CHARLOTTE, N.C. -- In the nearly steady stream of bad news about banks, many consumers are likely wondering if any bank is really safe.
Those companies that did not go heavily into the subprime mortgage market are generally in better shape. But financial institutions of all sizes are nonetheless facing problems with souring debt in a weak economy, even if they haven't been hit hard like Wachovia Corp. or like IndyMac Bancorp, which was taken over by the government Friday.
Even so, earnings reports and an analyst's assessment of Wachovia on Tuesday showed that financial companies are still suffering credit losses -- and portended more bad news as more banks second-quarter results come out.
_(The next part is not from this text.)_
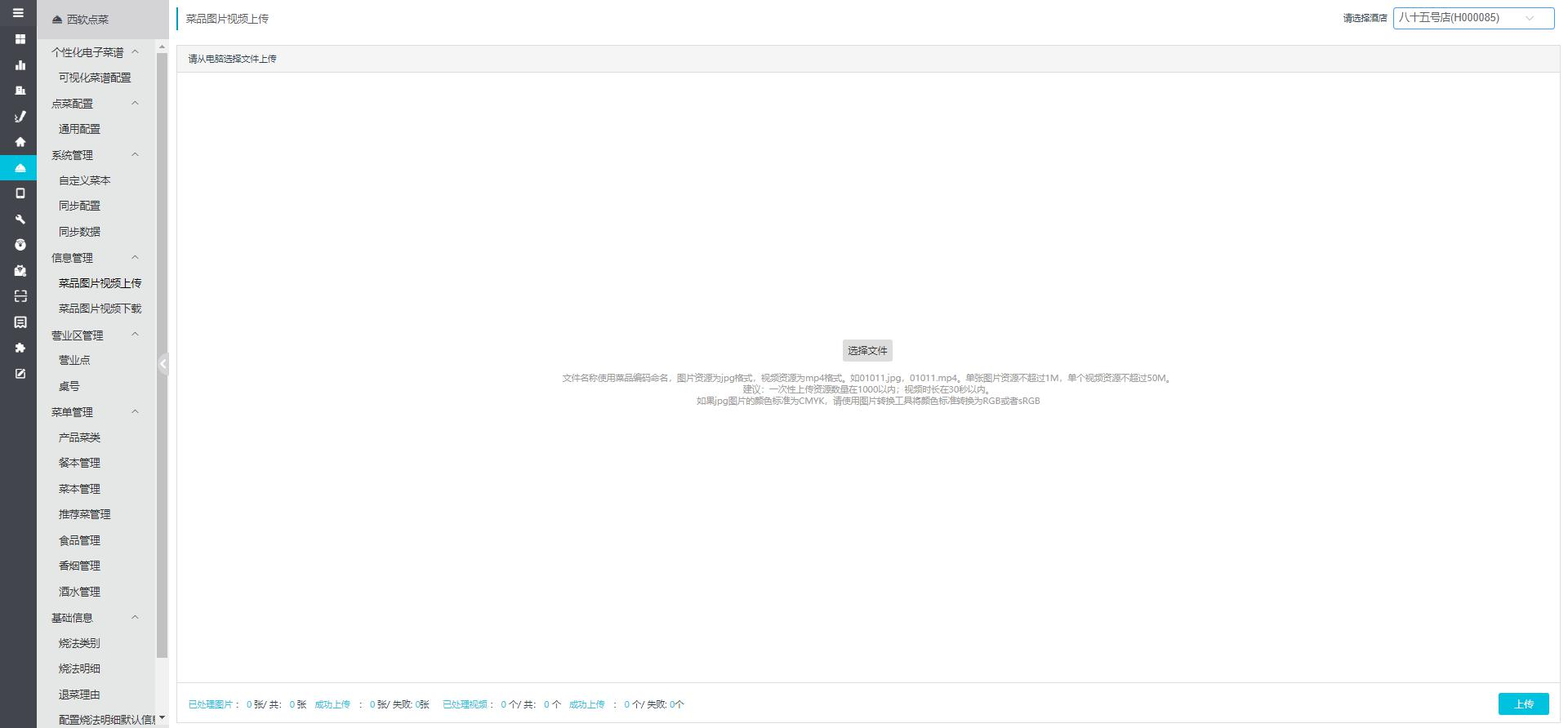展开信息管理列表,单击【菜品图片视频上传】。菜品图片视频上传界面(如图 1.3.3-1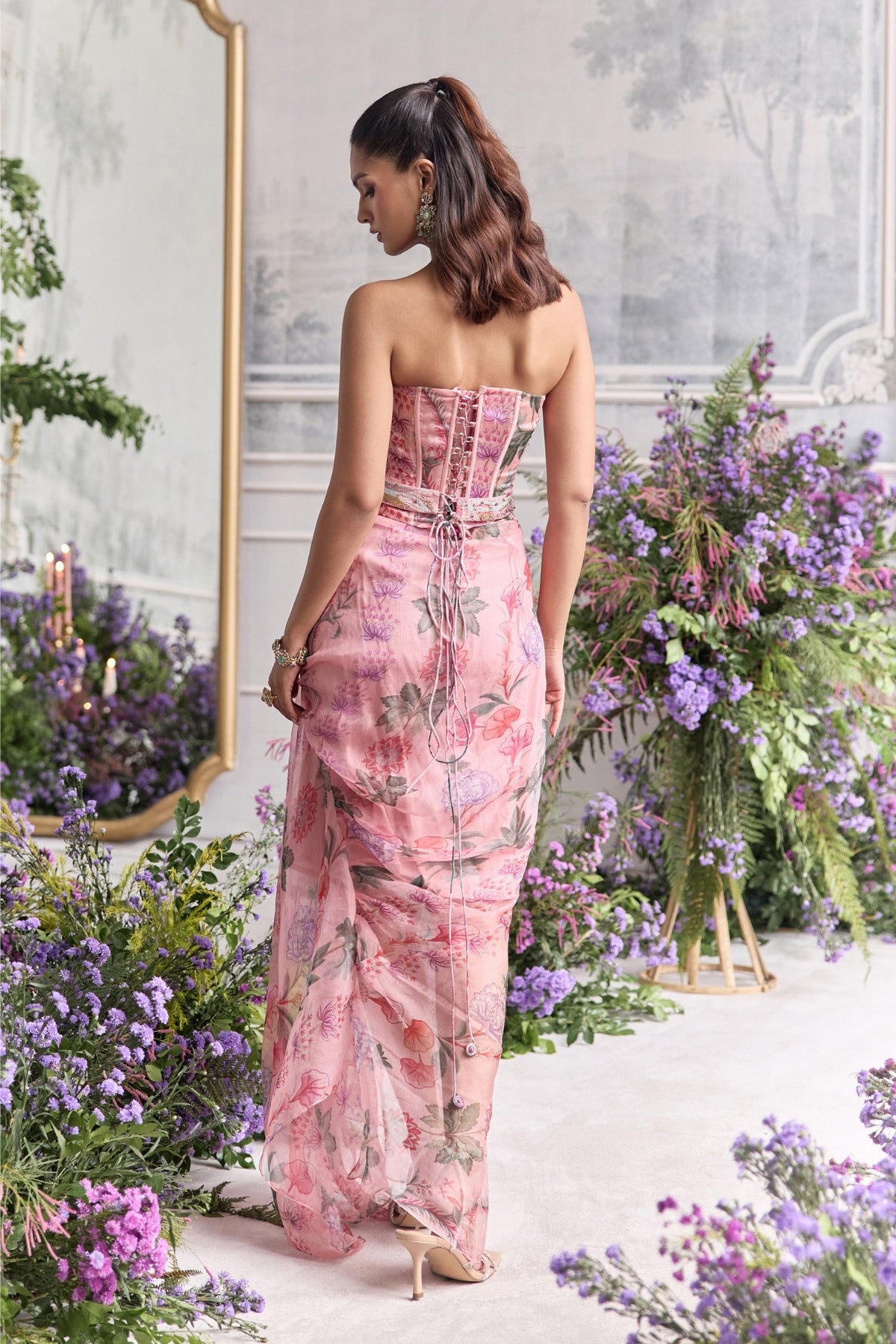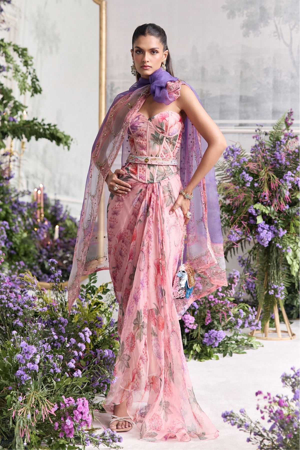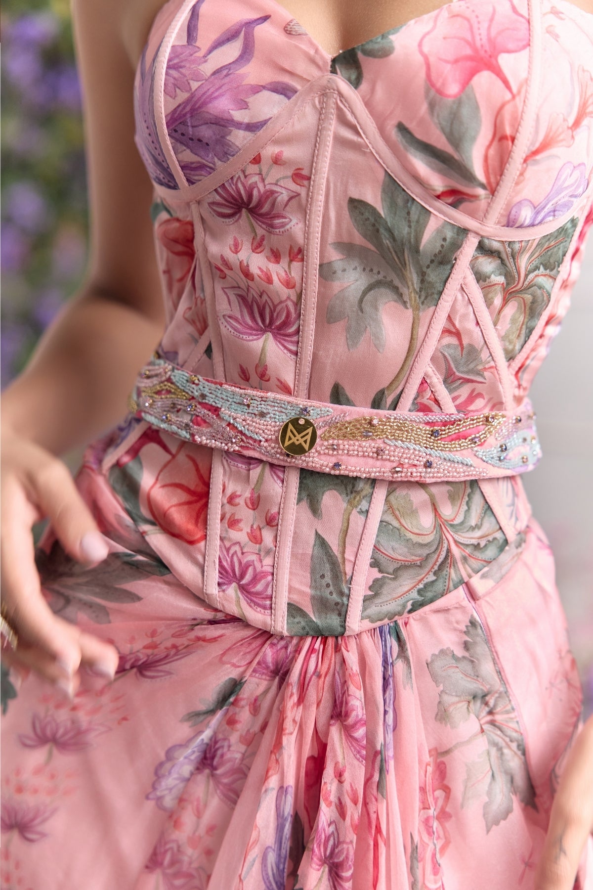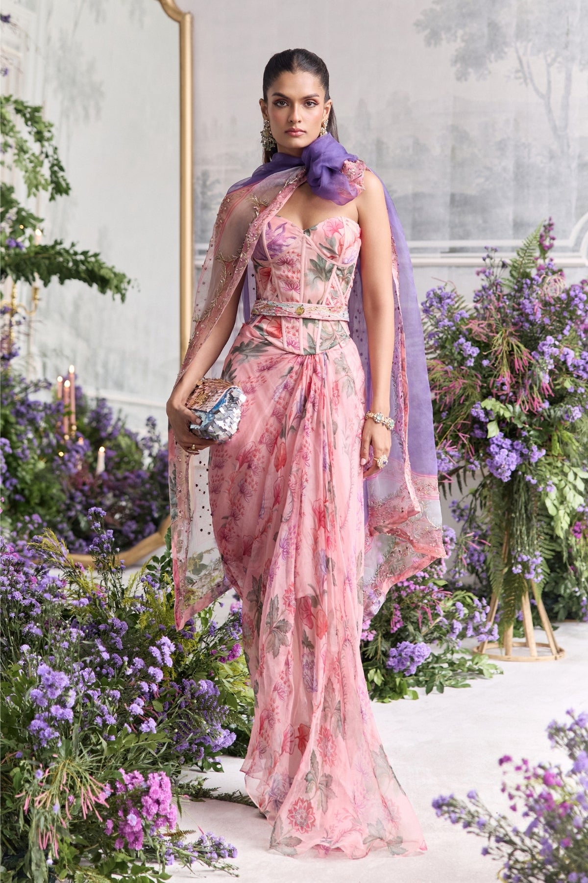 Panelled Corset With Draped Skirt Paired With Dupatta And Belt

Yet analysts don't see consumers fleeing en masse from their current banks in search of safety elsewhere. IndyMac customers were lining up for their money despite government assurances it was safe, but so far, that seems to be an isolated case.
"Yes, there was a bank failure. Yes, there was a lot of people wanting to get their money. But I don't think there is any sort of distrust in our banking system," said Keefe Bruyette & Woods analyst Jefferson Harralson. "Some banks, as it is right now, are just more risky than others."
Bart Narter, senior analyst at Celent, a Boston-based financial research and consulting firm said, "If people pull out their money in one bank, they will put it in another bank."
Wall Street, however, is considerably more anxious, and it continued pummeling bank stocks Monday after a run on IndyMac led to its becoming the largest regulated thrift to fail. Shares of U.S. banks and financial companies also swooned on concern over the government's plan to shore up mortgage financiers Fannie Mae and Freddie Mac.
Some bank stocks recovered ground Tuesday as investors calmed down somewhat, but there was still uneasiness in the market as investors wondered whether more banks, particularly regional banks, might be in jeopardy due to soured credit bets.
Analysts have cited certain banks, including Washington Mutual and National City Corp., as being in trouble because of their exposure to failed mortgages.
Tuesday's bank earnings reports showed that banks are still contending with bad debt. First Horizon National Corp. said it swung to a second-quarter loss as the Memphis, Tenn.-based bank set aside more provisions to cover bad loans. Its shares rallied more than 16 percent after the results, however, to $5.87 in trading.
U.S. Bancorp posted an 18 percent drop in second-quarter profit as it tripled its provision for credit losses. The Minneapolis-based bank, which has avoided many of the mortgage and credit-related problems of some of its peers, saw its shares move down 2.7 percent to $22.70.
But an analyst downgraded Wachovia early Tuesday, and said the outlook for the Charlotte-based bank's shareholders is "bleak." Oppenheimer Co. analyst Meredith Whitney added that the bank's mortgage portfolio will continue to lose value, "seriously jeopardizing" the company's ability to generate earnings.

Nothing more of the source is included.